We still have a little stretch of road remaining. Desperate, I stick my arm out and wave it around, indicating an urgency to change lanes. The driver approaching on our right immediately slows down, letting us in without hesitation. I wonder why I didn’t do that before. It was so easy. A little pathetic-looking maybe, but who cares?
Within seconds we’re gliding down the off ramp. I see the giant McDonald's “M” in the near distance, a promise of icy chemical beverages.
“Thank god,” I say. “I didn’t think we’d make it.”
“Yeah,” Peter says, his laid-back tone restored. “It can get intense out here.”
Peter and I have kept in touch regularly since that day. Recently, for the first time, we chatted over Skype. I’m always disoriented when Skyping with someone for the first time. Here we are thousands of miles apart from each other and we’re looking into one another’s bedrooms, our respective realities pushed up against one another by virtue of a computer screen. I am distracted by the books in the background, the crumpled tissue on the nightstand, the bed so tidy except for the sheet hanging low on one side, inches past the comforter. It takes me a few moments to stop leering at Peter’s surroundings and just talk.

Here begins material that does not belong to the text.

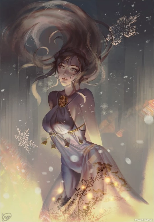 mythological fashion, possibly hinting at a fantasy or historical theme within the context of this illustration. The background suggests a snowy environment with falling snowflakes and a warm light source illuminating her face from below, adding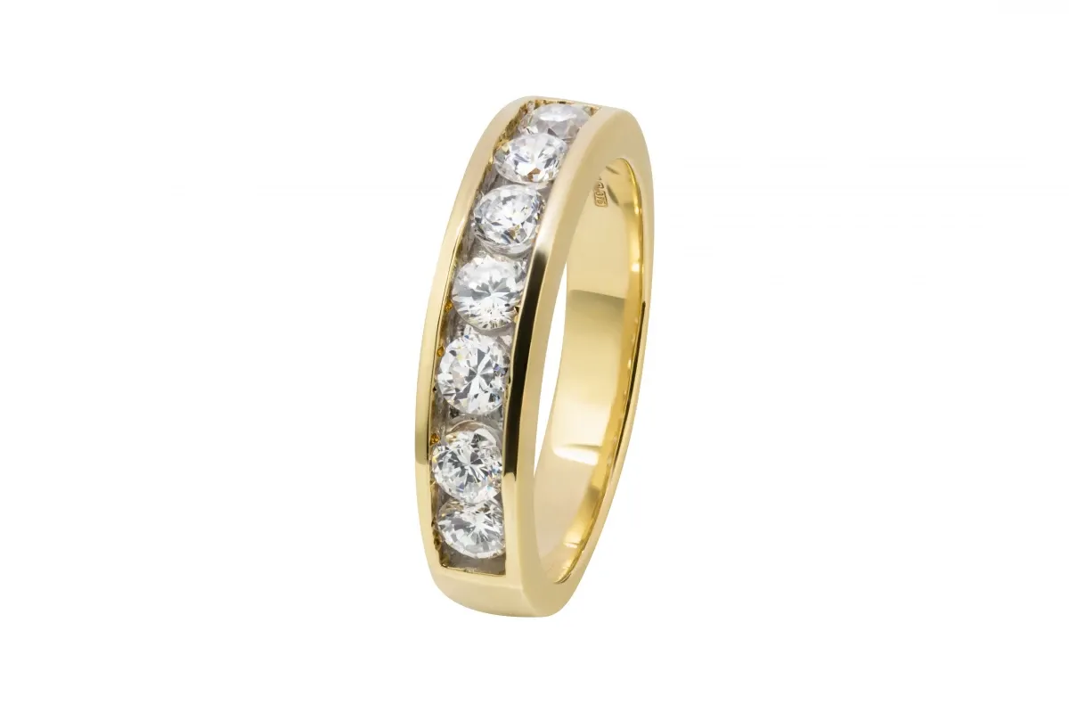 A timeless 9ct yellow gold wedding band featuring a row of dazzling cubic zirconia stones for added brilliance.

It is on Skype that Peter shows me how he brushes his teeth—with a device that clamps onto his wrist. It’s no more sophisticated than a plastic cup holder. He shows me how he signs a check with his teeth, his signature exactly the same as it was when he was able to write manually, “which goes to show you it’s all in your brain,” he says.
Aside from the van, there’s little technology in Peter’s life that isn’t in mine: the Internet, GPS, auto-dictation. And the van isn’t exactly cutting-edge technology either. Though it sports incredible customization that lets a quadriplegic drive it, it’s essentially a stripped-down cargo van with a series of locks and straps—and a defective substitute for the traditional car, the kind Peter was able to work on and form a bond with and name a band after.
When asked what technology would really help benefit his life as a disabled person, Peter is quick to answer: a stem cell injection. Stem cell therapy is a new field of research, but early studies suggest that injecting stem cells into patients with spinal cord injuries could help them regain some function. Unfortunately, Peter explains, it’s not easy to come by, particularly not when you’ve been living so long with an injury.
“Most of the stem cell research is geared toward people who are newly injured,” Peter says. “The more time you have, the less chance it has at being effective.”
But there are always new clinical trials popping up that Peter is hopeful to participate in. Recently he heard about one testing robotic gloves. “Now that is something I would want to be a part of,” he says. “That is technology.”